Susan Cooper: Author
Susan Cooper's website

Roger Sutton: Editor in Chief, The Horn Book and Author
Sutton's Horn Book blog

ABOUT THE LECTURE:
Sometimes the world gives off a glare “that’s hard to look at directly,” says Susan Cooper, and for her, making sense of things means engaging in fantasy -- “a way of getting to the truth without looking at the real.” Cooper and fellow writer Gregory Maguire admit to working out personally difficult questions, and often cosmic conflicts, in their books of fantasy for children and adults.

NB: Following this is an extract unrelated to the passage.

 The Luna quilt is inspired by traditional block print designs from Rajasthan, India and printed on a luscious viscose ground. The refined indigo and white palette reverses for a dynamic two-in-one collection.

Maguire, author of Wicked, says he was bothered by the build-up to the first Gulf War, which fed into his novel for grownups about a children’s character (the Wicked Witch of the West). He calls fantasy “escapism plus something else.” Says Maguire, “When I sense I’m approaching a story that’s going to have to be told in a fantastic way, it is usually because it’s about something so upsetting to me that I wouldn’t trust myself to write about it in a naturalistic way, whether it be corruption of government in any particular decade of my life, or whether it be stress that can exist within children between the need to believe in magic and the injunction to believe in God...”

Says Cooper, “You’re talking to yourself really. So many of us say, ‘I don’t write for children,’ and we don’t; we are published for children, read by children. You deal with your own passions, emotions, problems, by having them flow into a piece of writing that needs that particular emotion.…”

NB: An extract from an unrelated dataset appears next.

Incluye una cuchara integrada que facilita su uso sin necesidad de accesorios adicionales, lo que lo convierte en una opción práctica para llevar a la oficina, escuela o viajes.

When moderator Roger Sutton wonders about “this human impulse to make things up that are impossible,” Cooper responds about her desire to tell “deep truths,” cloaked in extraordinary features. Fantasy offers the freedom “to think bigger” while offering the protagonist something to identify with. Says Cooper, “There’s a reason why a lot of us start from the real world and go into magic, the way I tend to do…It’s partly that you want your reader to retain a sense of reality, but you’re going through fantasy to truth. It’s that indirect approach that’s going to get you somewhere.”

Maguire believes that the origins of his fantasy literature, while connecting with the tradition of myths and legends, spring from “the wet ground of the subconscious.” As a child he was dreaming and play acting in the dirt alley next to his home. This nourished a more deliberate engagement with fantasy as he got older. “One of the reasons one bothers to write as well as read fantasy is to continue to strengthen the muscle of the imagination, the muscle that in fact can consider that things can be different, things in the hard world in which we live, our hard lives.”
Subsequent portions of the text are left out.